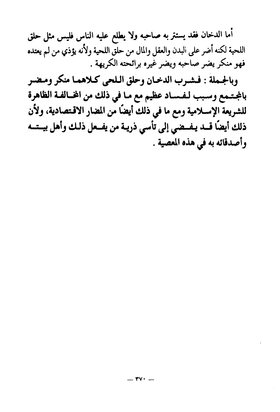 وبالجملة: فشرب الدخان وحلق اللحى كلاهما منكر ومضر بالمجتمع وسبب لفساد عظيم مع ما في ذلك من المخالفة الظاهرة للشريعة الإسلامية ومع ما في ذلك أيضا من المضار الاقتصادية، ولأن ذلك أيضا قد يفضي إلى تأسي ذرية من يفعل ذلك وأهل بيته وأصدقائه به في هذه المعصية.
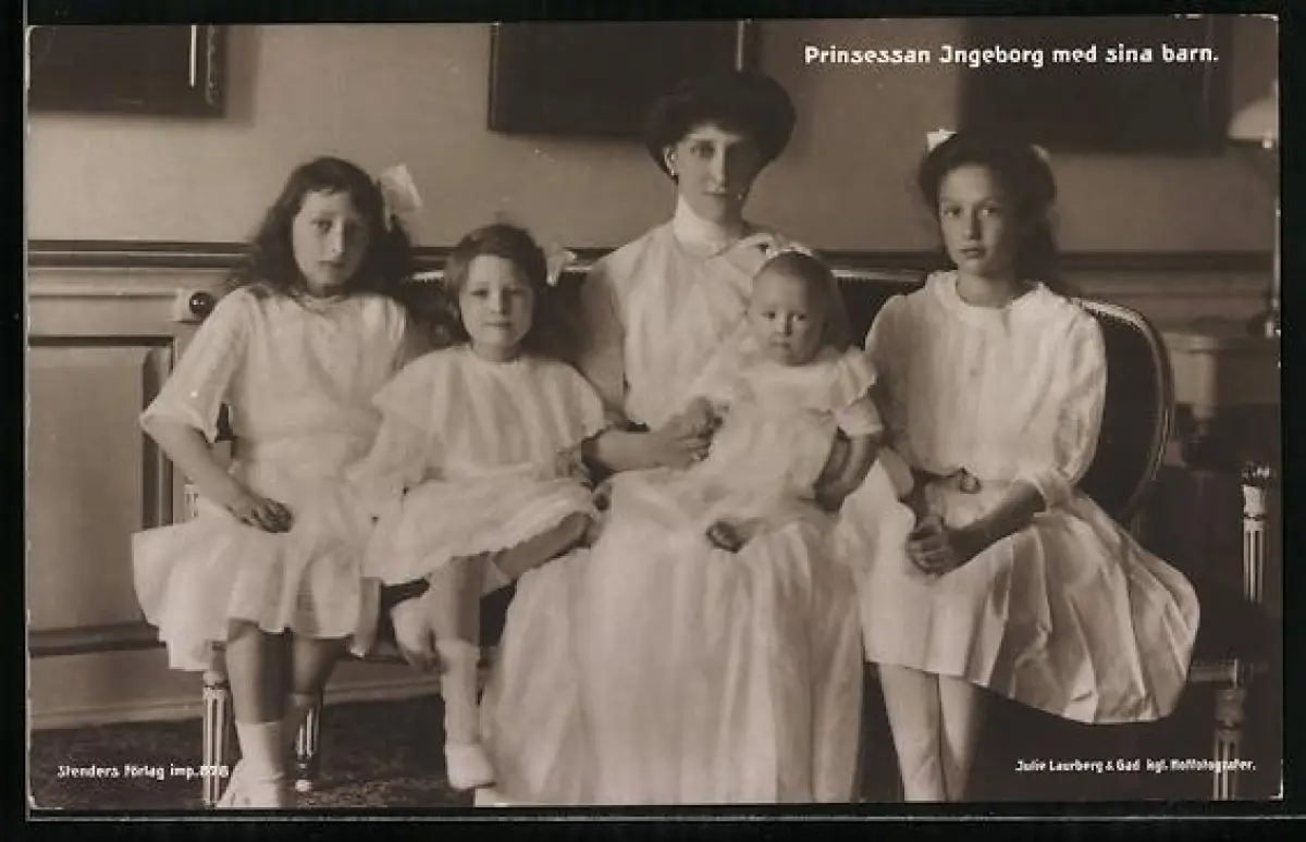 AK Prinzessin Ingeborg von Schweden mit ihren Kindern
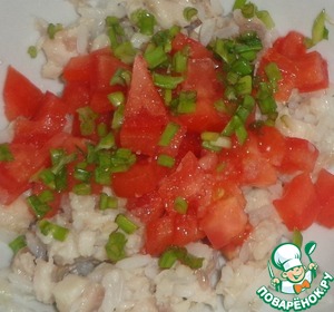 Помидор порезать кубиками. Добавить к основной массе помидор и измельченный зеленый лук. Перемешать, добавить черный молотый перец по вкусу и мускатный орех.
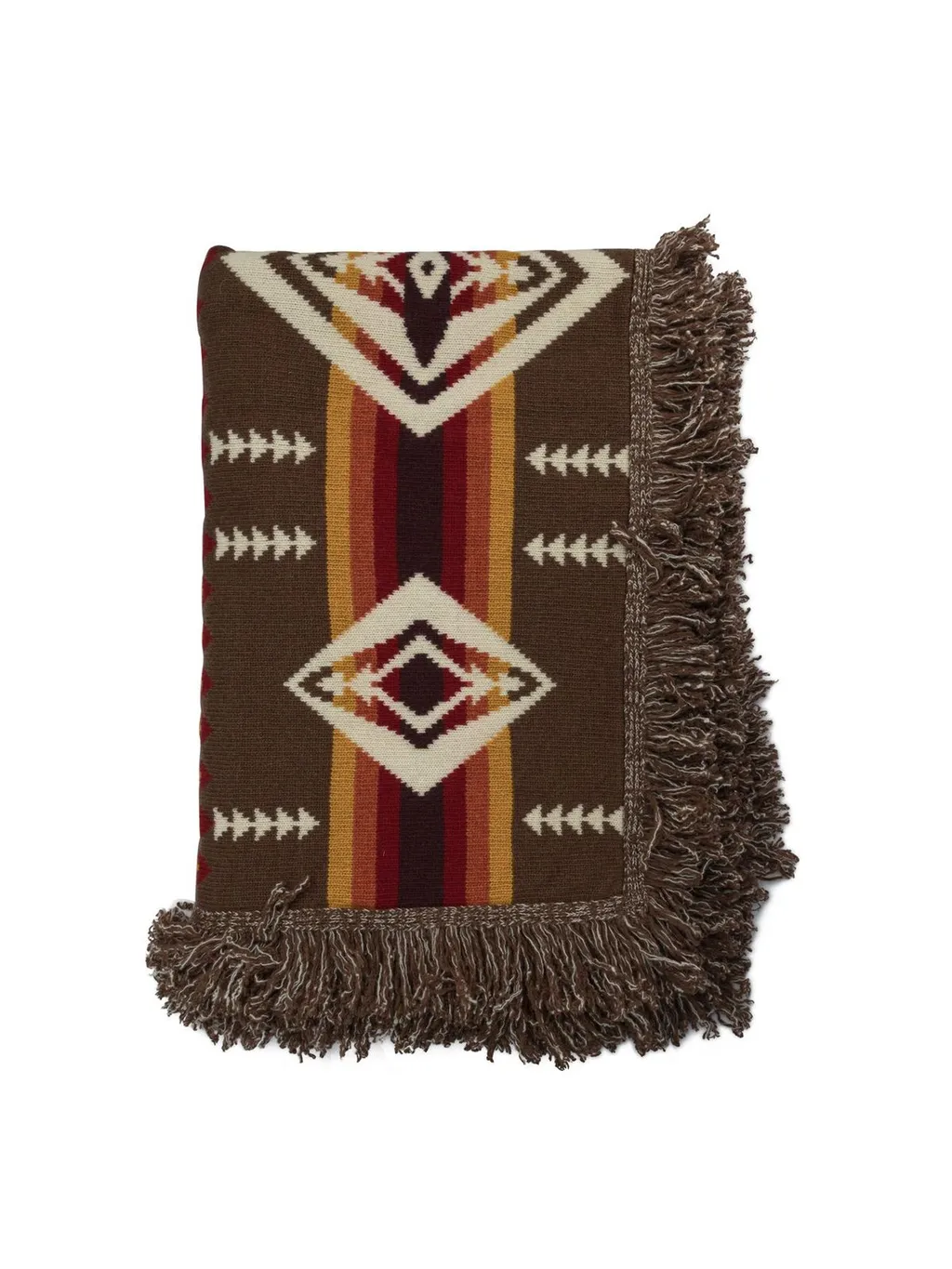 100% wool throw in a brown, multicolored apache pattern. Features a fringed hem.
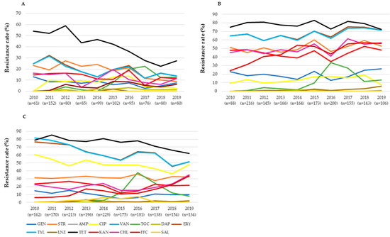 Antimicrobial resistance trend of E. faecium isolates recovered from cattle (A), pigs (B), and chickens (C) in Korea from 2010 to 2019. Abbreviations: AMP, ampicillin; CIP, ciprofloxacin; CHL, chloramphenicol; DAP, daptomycin; ERY, erythromycin; FFC, florfenicol; GEN, gentamicin; KAN, kanamycin; LIN, linezolid; SAL, salinomycin; STR, streptomycin; SYN, quinupristin/dalfopristin; TET, tetracycline; TGC tigecycline, TYL, tylosin; and VAN, vancomycin.
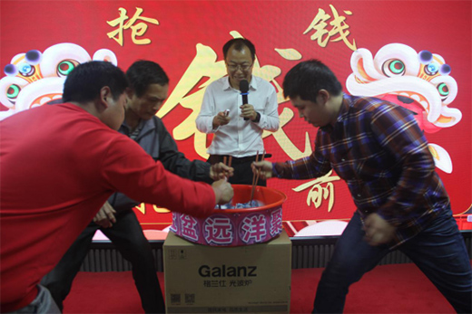 为表彰远洋员工们全年的辛勤付出,年会上给员工准备了花束,余总亲自颁发节日红包,也特意展开“远洋聚宝盆”夹钱游戏,一大波福利惊喜连连。
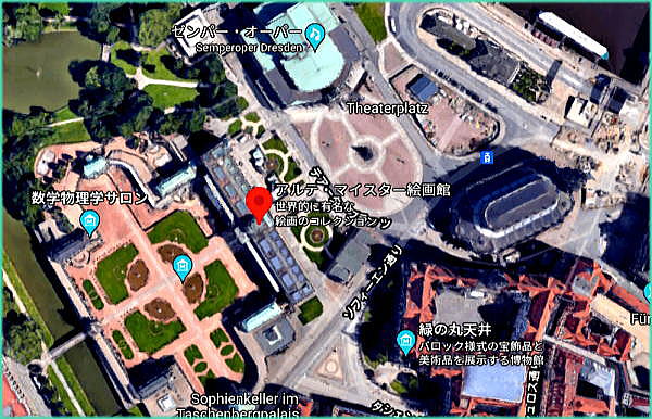 | 総合メニューに戻る アルテ・マイスター絵画館1 アルテ・マイスター絵画館2 アルテ・マイスター絵画館3 アルテ・マイスター絵画館4 アルテ・マイスター絵画館5 アルテ・マイスター絵画館6 アルテ・マイスター絵画館7 アルテ・マイスター絵画館8 アルテ・マイスター絵画館9 ◆アルテ・マイスター絵画館(ドレスデン市) ![]() ツヴィンガー城の中庭から見たアルテ・マイスター絵画館 Source:Wikimedia Commons パブリック・ドメイン, リンクによる はじめに アルテ・マイスター絵画館(独: Gemäldegalerie Alte Meister)はドイツのドレスデンに位置する美術館です。日本では「古典絵画館」、「古典美術館」といわれることもあります。ドレスデン美術館を構成する12の美術館の一つで、ザクセン州が管理しています。 アルテ・マイスター絵画館の位置は以下のグーグルマップにあるように、ドレスデンの中心部、有名なツヴィンガ-宮殿の一角、庭に面してにあります。北にはゼンパー・オーパー歌劇場、東には緑の丸天井美術館などがあります。 ![]() アルテ・マイスター絵画館(独: Gemäldegalerie Alte Meisterの位置 出典:最新グーグルマップ 以下はアルテ・マイスター絵画館の平面図です。総二階建てで、左右対称、展示室も完全な対称形となっています。入り口は中央、ツヴィンガ-宮殿の噴水がある庭側にあります。 ![]() ドレスデン、アルテ・マイスター絵画館の計画図。 Source:Wikimedia Commons ![]() ドレスデン、アルテ・マイスター絵画館入口前に立つ池田こみち 撮影:青山貞一 Nikon Coolpi S8 2004年9月5日 開館日・時間: ツヴィンガー宮殿のゼンパーギャラリーにあるオールドマイiスター絵画館は、火曜日から日曜日の午前10時から午後6時まで開いています。絵画館は月曜日が定休日です。 入場料: 通常の入場料:10.00ユーロ/人割引:7.50ユーロ/人。17歳未満の子供と若者は無料で入場できます。学童、学生、研修生(17歳から):7.50ユーロ/人。10人以上のグループは1人あたり9.00€を支払います。 コレクション アルテ・マイスター絵画館が所属する絵画群は15世紀から18世紀のものがほとんどで、特に17世紀のルネサンス期、バロック期のイタリア絵画、オランダ絵画、フランドル絵画が主要なコレクションとなっています。 また、これらの他にもドイツ、フランス、スペインの著名な画家たち(アルテ・マイスター)の作品が所蔵されています。2008年には536,000人がこの美術館を訪れました。 ![]() メインホール、ドレスデンツヴィンガー美術館のGemäldegalerieAlte Meisterの展望。 ドレスデン、ドイツ Source:Wikimedia Commons CC 表示-継承 3.0, リンクによる ![]() アルテマイスターギャラリーのカナレットルーム Source:Wikimedia Commons By CC BY-SA 4.0, Link ![]() ドレスデンのGemäldegalerieAlte Meister、東棟1階の展示ホール Source:Wikimedia Commons CC 表示-継承 4.0, リンクによる ![]() ドレスデンのオールドマスターズ絵画ギャラリー、ドイツホール Source:Wikimedia Commons CC 表示-継承 4.0, リンクによる ![]() 1881年からの「ドレスデンハンギング」 Source:Wikimedia Commons: Public Domain, Link ![]() ドレスデンツヴィンガー美術館のアートギャラリー Gemaldegalerie Alte Meister。ドレスデン、ドイツ Source:Wikimedia Commons CC 表示-継承 3.0, リンクによる ![]() オールドマスターの夜のオープニング Source:Wikimedia Commons:, CC BY-SA 4.0, Link アルテ・マイスター絵画館<2>へ つづく |
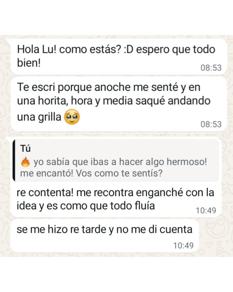 Después lo vemos juntas en un encuentro en vivo. Ajustamos lo necesario y elegís la propuesta que más te cierra.
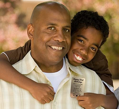 • ✔️ HIGH QUALITY. Light, durable and long-lasting aluminum 22nd birthday card for her or him. The engraved words of the wallet inserts, the keepsake for a long time
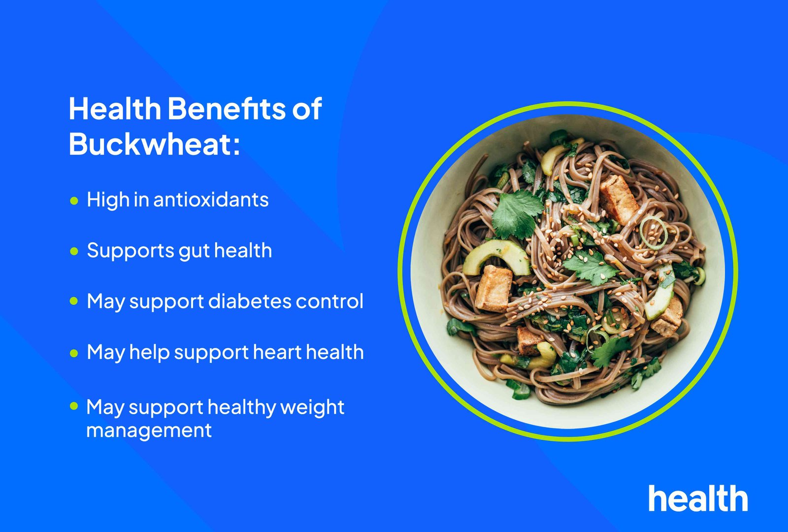 Research shows that consuming buckwheat may help protect heart health. An analysis of 13 previously published studies found that buckwheat may help reduce total cholesterol and triglycerides (blood fats). Part of its cardioprotective effects may be due to a combination of its fiber, resistant starch, antioxidants, plant proteins, and ability to regulate blood sugar levels. The latter is noteworthy because having type 2 diabetes has been shown to increase the risk of heart disease by two times.
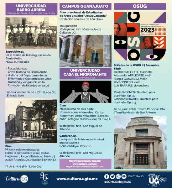 Guanajuato, Gto., 09 de junio de 2023.- Conoce y accede a las actividades culturales que la Universidad de Guanajuato (UG) pone a disposición de su comunidad universitaria y sociedad en general a través de la Dirección de Extensión Cultural, con expresiones de arte desde el cine, la ciencia, música, exhibiciones y demás actividades.
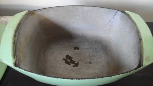 THIS FANTASTIC PIECE IS RECTANGULAR IN SHAPE AND GREEN IN COLOR. IT IS QUIET DEEP AND HAS TWIN HANDLES AND A LID THE COMES COMPLETELY OFF.
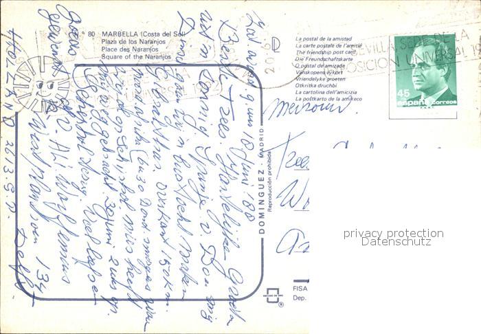 old postcard Marbella Andalucia Piaza de los Narajos postalisch gelaufen Erhaltung siehe scans
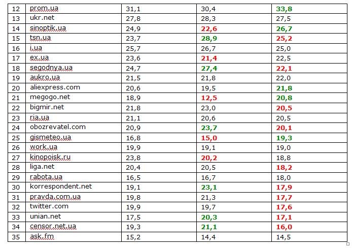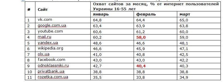 Также в феврале наблюдалось увеличение интереса к информационным сайтам, таким как tsn.ua, segodnya.ua, obozrevatel.com, korrespondent.net, pravda.com.ua, unian.net, censor.net.ua. Однако в марте охватные показатели этих сайтов вернулиcь к январским значениям.
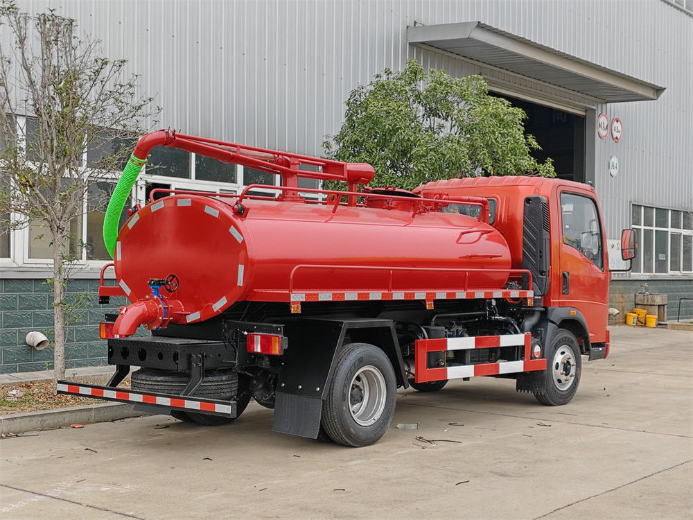 کامیون مکش سپتیک تانک HOWO 4x4 RHD با ظرفیت 4cbm، کابین تک ردیفه HOWO Hanjiang 1880، سیستم چهار چرخ محرک 4x4، فرمان راست، فاصله بین دو محور 3360 میلیمتر، مجهز به موتور YN4102QBZL با قدرت 116 اسب بخار، گیربکس 6 سرعته WLY6TS40، بدنه بالایی یک سپتیک تانک 4 متر مکعبی، جنس فولاد کربنی، پوشش ضد خوردگی و زنگزدگی، مجهز به پمپ خلاء حلقه آب Yifeng SK-6، حداکثر سرعت پمپاژ: 6 متر مکعب در دقیقه، سرعت: 970 دور در دقیقه، بوم مکش سپتیک تانک 6 متری بالایی، مجهز به پنجره مشاهده سپتیک تانک، شیر سرریز، فشارسنج، شیر اگزوز و غیره را به کار میگیرد.
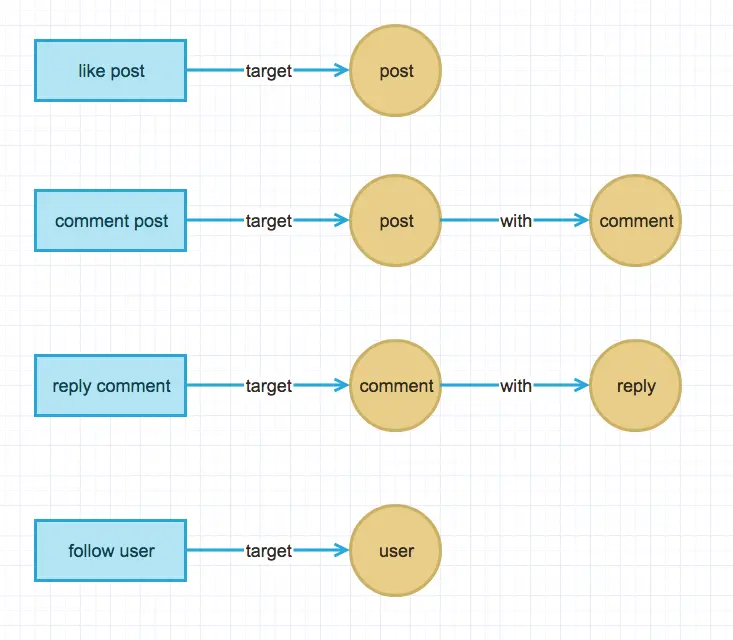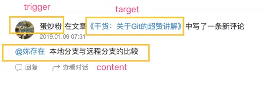 通过抽象可以得到,一条通知由三部分组成 行为的触发者 trigger 、行为主体(可能携带 内容) target 、需要通知的用户 notifiable
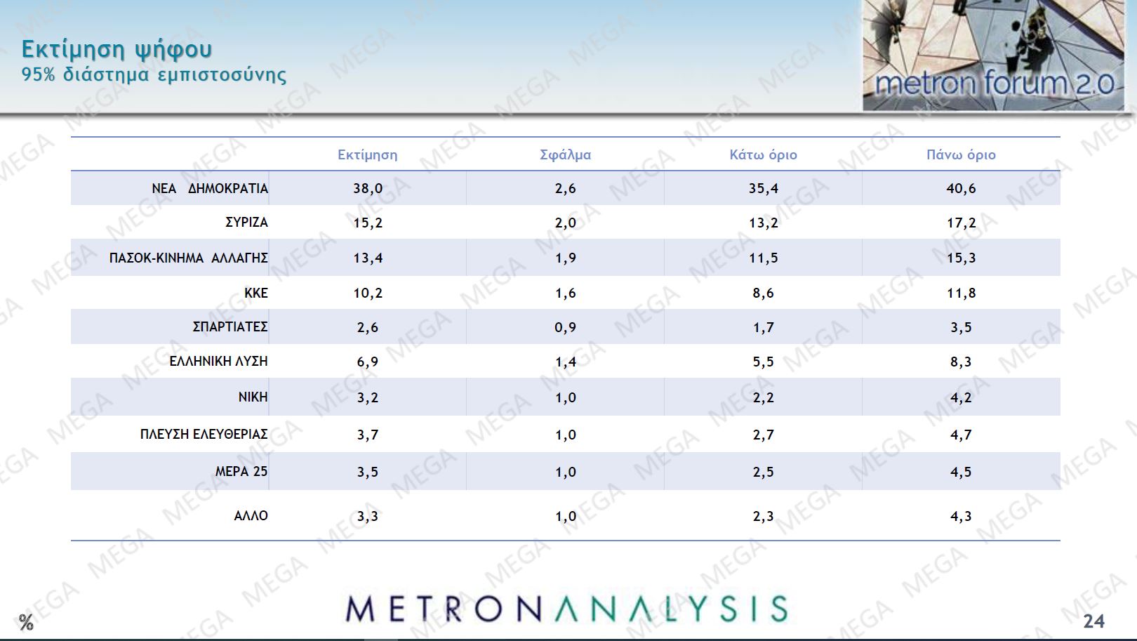 Η μεγάλη δημοσκόπηση της Metron Analysis για το MEGA δείχνει πως η Νέα Δημοκρατία προηγείται του ΣΥΡΙΖΑ με 18 μονάδες στην πρόθεση ψήφου ενώ οι πολίτες αξιολογούν τον Στέφανο Κασσελάκη.
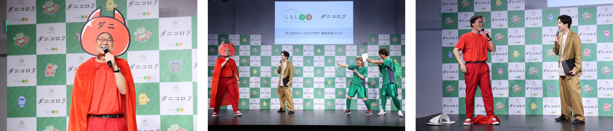 全身真っ赤な姿で“ダニ”に変身したアインシュタイン稲田さん登場!「ダニコロリシリーズアンバサダー就任記念イベント」開催
+-------+
## WHAT TO DO
Make an exact copy of the lines above, beginning with the line with "Guanajuato, Gto., 09" and ending with the line with "old postcard Marbella", and keep the pictures out of it.

## RESPONSE AREA
 Guanajuato, Gto., 09 de junio de 2023.- Conoce y accede a las actividades culturales que la Universidad de Guanajuato (UG) pone a disposición de su comunidad universitaria y sociedad en general a través de la Dirección de Extensión Cultural, con expresiones de arte desde el cine, la ciencia, música, exhibiciones y demás actividades.
 THIS FANTASTIC PIECE IS RECTANGULAR IN SHAPE AND GREEN IN COLOR. IT IS QUIET DEEP AND HAS TWIN HANDLES AND A LID THE COMES COMPLETELY OFF.
 old postcard Marbella Andalucia Piaza de los Narajos postalisch gelaufen Erhaltung siehe scans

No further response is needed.